- [DATASET EXTRACT]

☆ ☆ ☆ ☆ ☆ ☆ ☆

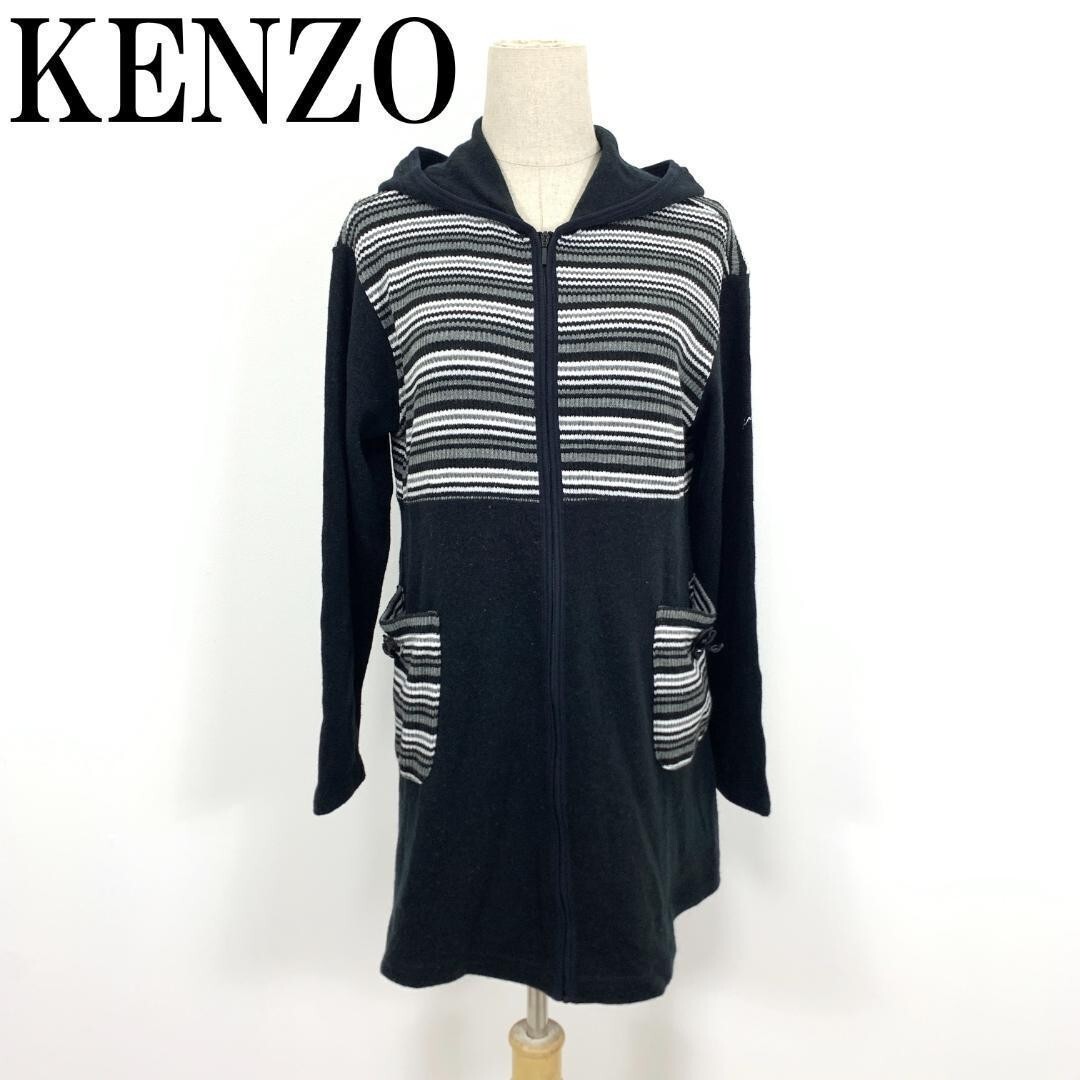 - LA4980 ケンゾー キッズ 長袖 ジップ ロングカーディガン KENZO フード付き リブニット ポケット有 ボーダーブラック150
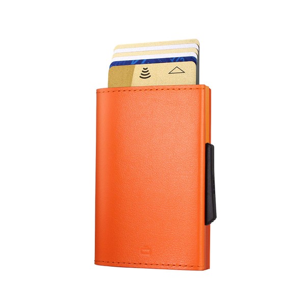 ÖGON -DESIGNS- Automatic Leather Wallet Cascade Slim - Compact Aluminum RFID Blocking Card Holder - Up to 8 Cards and banknotes (Orange)
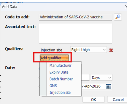 ⚠️ Please note: The Add Coded Data MUST be edited to include the vaccine details in the patient record once the protocol has been saved.
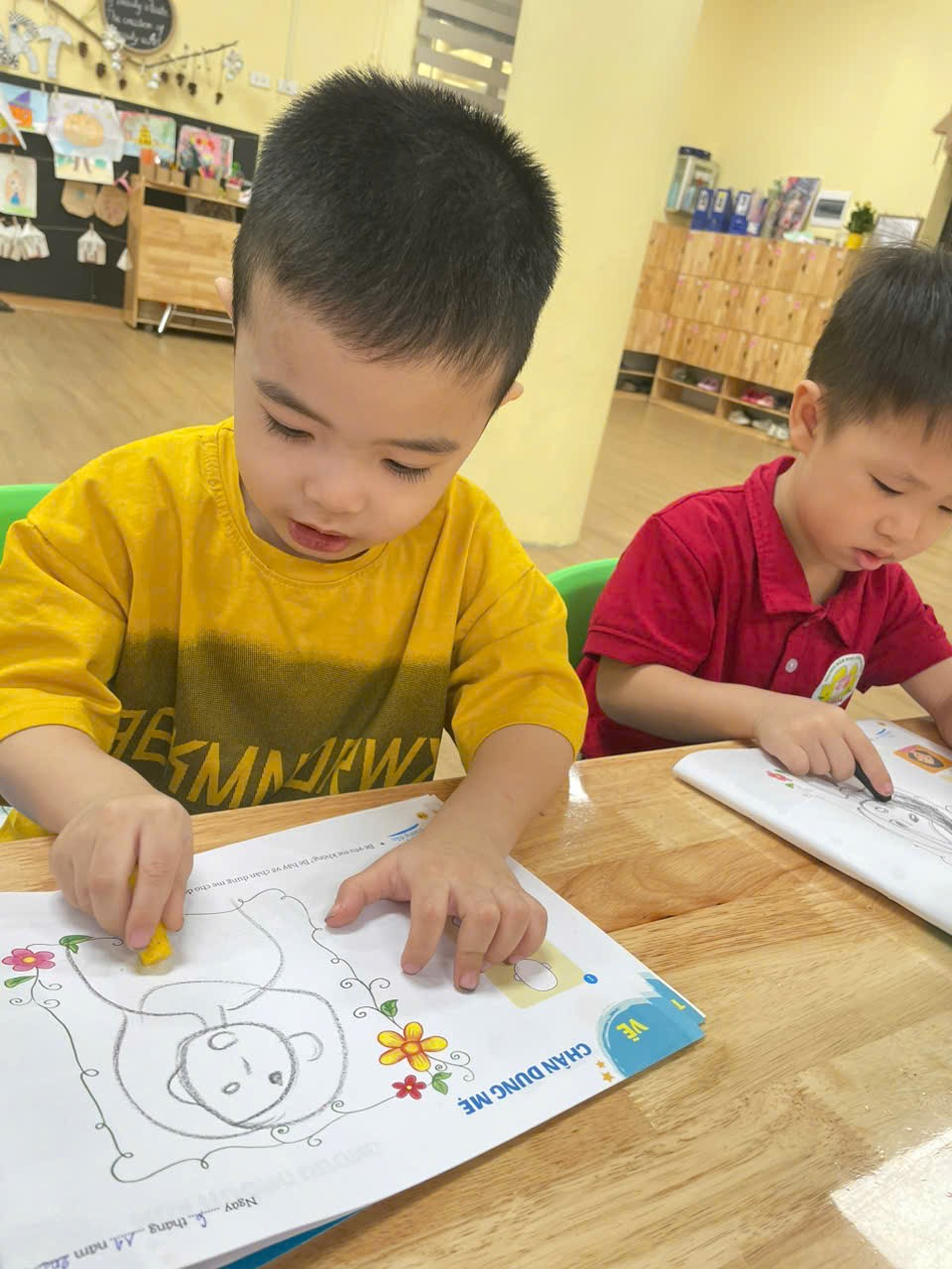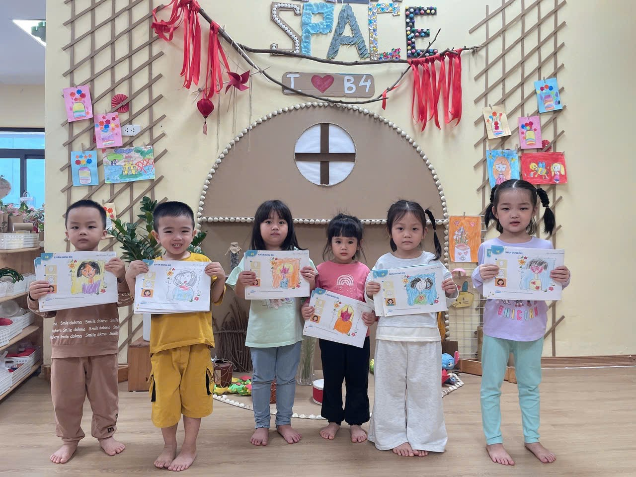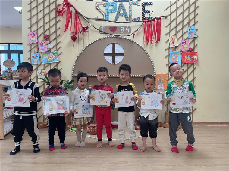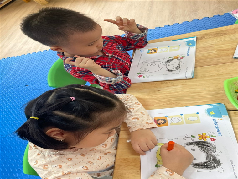 Cùng các bé lớp B4 vẽ chân dung mẹ.

☆ ☆ ☆ ☆ ☆ ☆ ☆

- [GOAL OF THE EXERCISE]
Return all the data above as written, leaving out only the pictures.

- [YOUR SOLUTION]
 - LA4980 ケンゾー キッズ 長袖 ジップ ロングカーディガン KENZO フード付き リブニット ポケット有 ボーダーブラック150
 ÖGON -DESIGNS- Automatic Leather Wallet Cascade Slim - Compact Aluminum RFID Blocking Card Holder - Up to 8 Cards and banknotes (Orange)
 ⚠️ Please note: The Add Coded Data MUST be edited to include the vaccine details in the patient record once the protocol has been saved.
 Cùng các bé lớp B4 vẽ chân dung mẹ.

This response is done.